#### ACTIVITY:
Transcribe all the entries word for word, skipping the pictures.

★ ★ ★

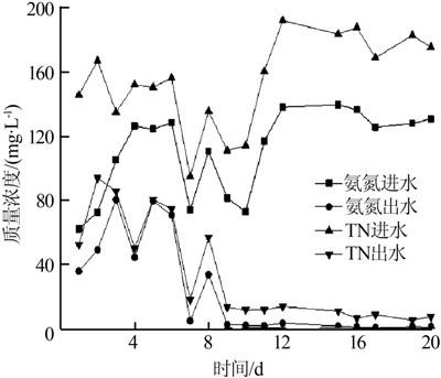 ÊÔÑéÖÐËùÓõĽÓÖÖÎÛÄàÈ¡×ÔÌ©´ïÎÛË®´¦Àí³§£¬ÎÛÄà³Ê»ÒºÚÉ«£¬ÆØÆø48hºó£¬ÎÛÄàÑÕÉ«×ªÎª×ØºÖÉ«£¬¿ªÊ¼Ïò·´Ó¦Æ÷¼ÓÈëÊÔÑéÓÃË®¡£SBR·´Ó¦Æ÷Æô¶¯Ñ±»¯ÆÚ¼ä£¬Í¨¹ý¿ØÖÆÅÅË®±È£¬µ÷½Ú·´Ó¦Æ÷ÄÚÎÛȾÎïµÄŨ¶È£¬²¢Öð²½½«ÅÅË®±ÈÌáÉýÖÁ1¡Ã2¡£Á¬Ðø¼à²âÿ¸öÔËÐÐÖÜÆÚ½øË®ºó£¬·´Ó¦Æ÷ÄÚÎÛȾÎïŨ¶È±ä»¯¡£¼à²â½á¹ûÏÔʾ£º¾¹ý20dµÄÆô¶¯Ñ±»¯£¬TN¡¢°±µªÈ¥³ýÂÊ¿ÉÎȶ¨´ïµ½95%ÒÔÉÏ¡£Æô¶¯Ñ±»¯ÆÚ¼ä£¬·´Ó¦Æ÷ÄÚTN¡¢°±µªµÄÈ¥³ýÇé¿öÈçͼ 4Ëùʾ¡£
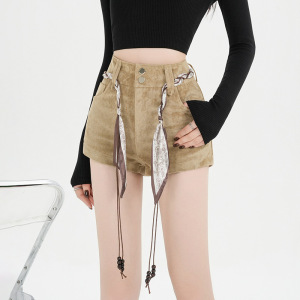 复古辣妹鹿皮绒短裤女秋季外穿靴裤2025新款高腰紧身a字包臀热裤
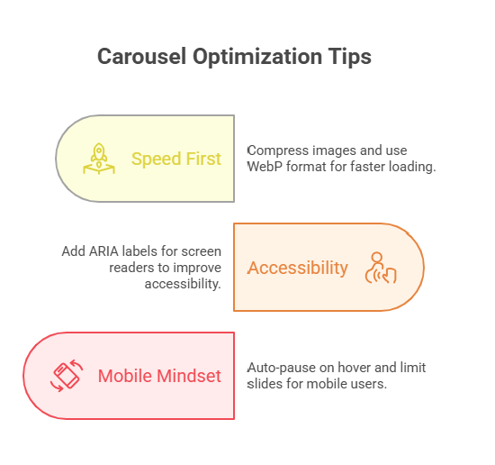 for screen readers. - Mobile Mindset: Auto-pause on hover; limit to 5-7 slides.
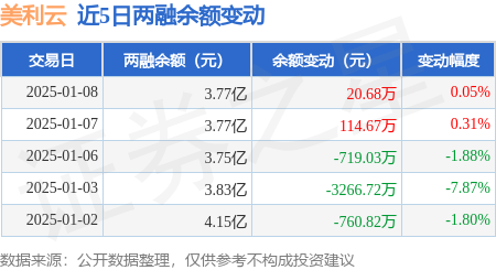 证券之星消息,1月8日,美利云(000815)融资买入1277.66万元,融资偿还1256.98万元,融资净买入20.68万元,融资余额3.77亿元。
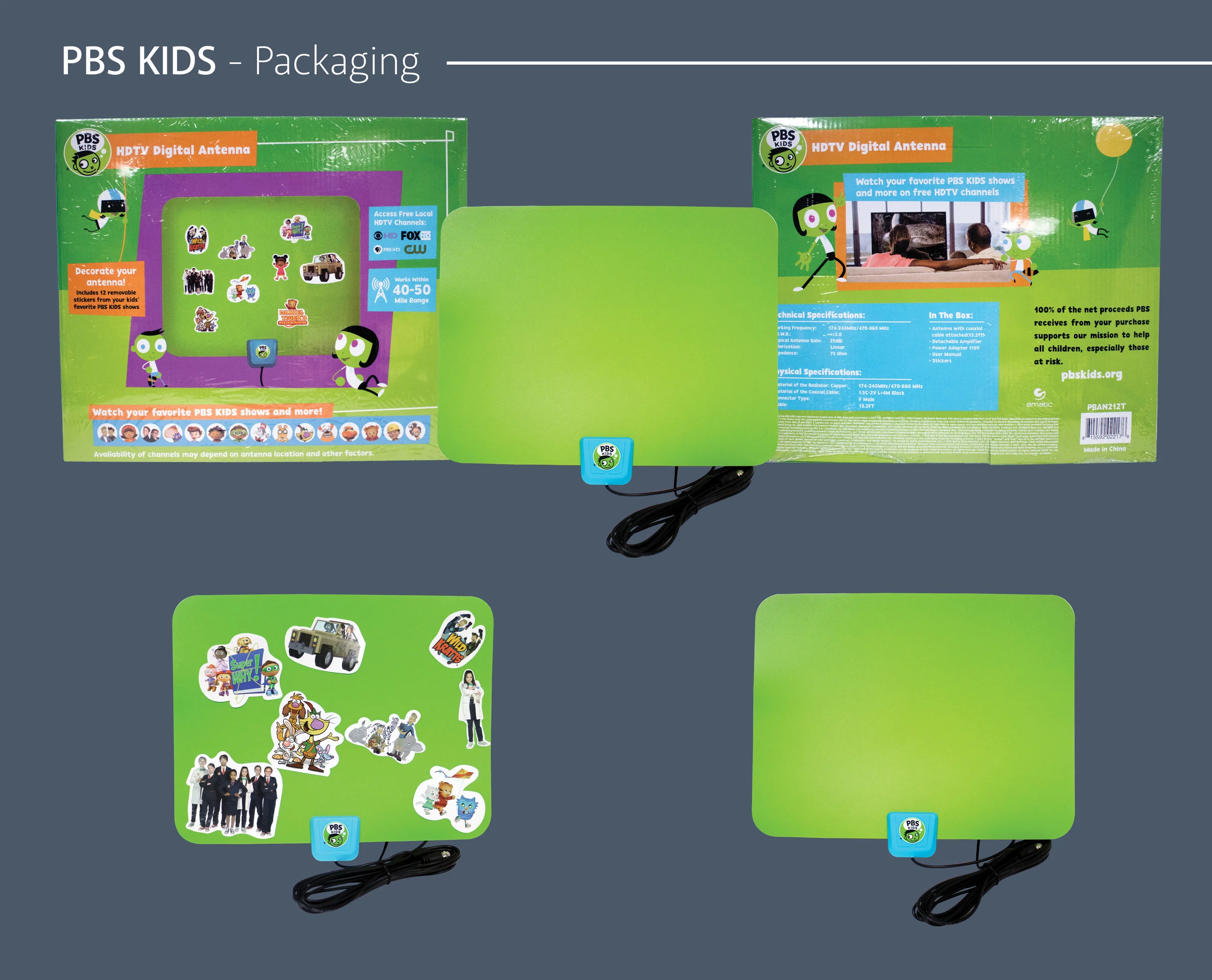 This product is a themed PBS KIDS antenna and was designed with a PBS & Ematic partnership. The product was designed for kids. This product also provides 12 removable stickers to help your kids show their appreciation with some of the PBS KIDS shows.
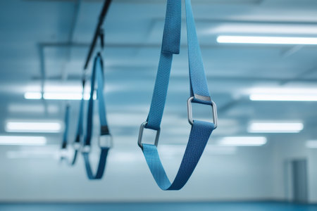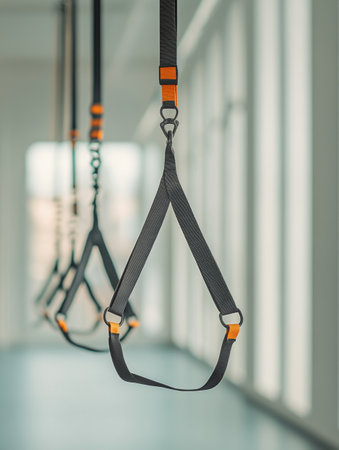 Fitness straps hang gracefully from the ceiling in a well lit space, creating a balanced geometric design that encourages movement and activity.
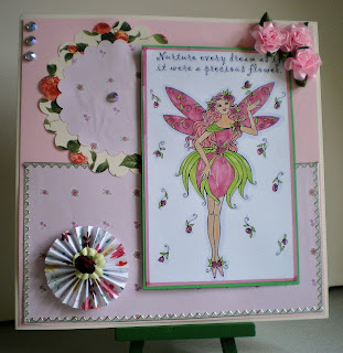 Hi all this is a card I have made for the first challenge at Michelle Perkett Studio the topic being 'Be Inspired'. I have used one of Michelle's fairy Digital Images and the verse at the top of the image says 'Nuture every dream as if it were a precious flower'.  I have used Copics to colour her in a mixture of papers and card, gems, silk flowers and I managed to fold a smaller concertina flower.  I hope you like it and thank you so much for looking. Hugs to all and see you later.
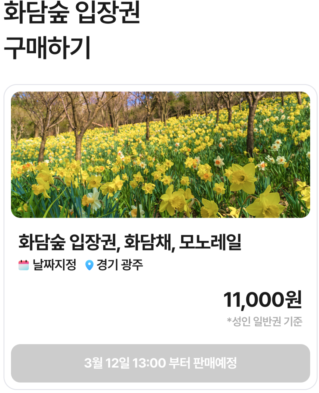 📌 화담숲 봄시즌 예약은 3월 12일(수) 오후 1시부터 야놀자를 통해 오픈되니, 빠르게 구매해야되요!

★ ★ ★

#### OUTPUT OF THE EXERCISE:
 ÊÔÑéÖÐËùÓõĽÓÖÖÎÛÄàÈ¡×ÔÌ©´ïÎÛË®´¦Àí³§£¬ÎÛÄà³Ê»ÒºÚÉ«£¬ÆØÆø48hºó£¬ÎÛÄàÑÕÉ«×ªÎª×ØºÖÉ«£¬¿ªÊ¼Ïò·´Ó¦Æ÷¼ÓÈëÊÔÑéÓÃË®¡£SBR·´Ó¦Æ÷Æô¶¯Ñ±»¯ÆÚ¼ä£¬Í¨¹ý¿ØÖÆÅÅË®±È£¬µ÷½Ú·´Ó¦Æ÷ÄÚÎÛȾÎïµÄŨ¶È£¬²¢Öð²½½«ÅÅË®±ÈÌáÉýÖÁ1¡Ã2¡£Á¬Ðø¼à²âÿ¸öÔËÐÐÖÜÆÚ½øË®ºó£¬·´Ó¦Æ÷ÄÚÎÛȾÎïŨ¶È±ä»¯¡£¼à²â½á¹ûÏÔʾ£º¾¹ý20dµÄÆô¶¯Ñ±»¯£¬TN¡¢°±µªÈ¥³ýÂÊ¿ÉÎȶ¨´ïµ½95%ÒÔÉÏ¡£Æô¶¯Ñ±»¯ÆÚ¼ä£¬·´Ó¦Æ÷ÄÚTN¡¢°±µªµÄÈ¥³ýÇé¿öÈçͼ 4Ëùʾ¡£
 复古辣妹鹿皮绒短裤女秋季外穿靴裤2025新款高腰紧身a字包臀热裤
 for screen readers. - Mobile Mindset: Auto-pause on hover; limit to 5-7 slides.
 证券之星消息,1月8日,美利云(000815)融资买入1277.66万元,融资偿还1256.98万元,融资净买入20.68万元,融资余额3.77亿元。
 This product is a themed PBS KIDS antenna and was designed with a PBS & Ematic partnership. The product was designed for kids. This product also provides 12 removable stickers to help your kids show their appreciation with some of the PBS KIDS shows.
 Fitness straps hang gracefully from the ceiling in a well lit space, creating a balanced geometric design that encourages movement and activity.
 Hi all this is a card I have made for the first challenge at Michelle Perkett Studio the topic being 'Be Inspired'. I have used one of Michelle's fairy Digital Images and the verse at the top of the image says 'Nuture every dream as if it were a precious flower'.  I have used Copics to colour her in a mixture of papers and card, gems, silk flowers and I managed to fold a smaller concertina flower.  I hope you like it and thank you so much for looking. Hugs to all and see you later.
 📌 화담숲 봄시즌 예약은 3월 12일(수) 오후 1시부터 야놀자를 통해 오픈되니, 빠르게 구매해야되요!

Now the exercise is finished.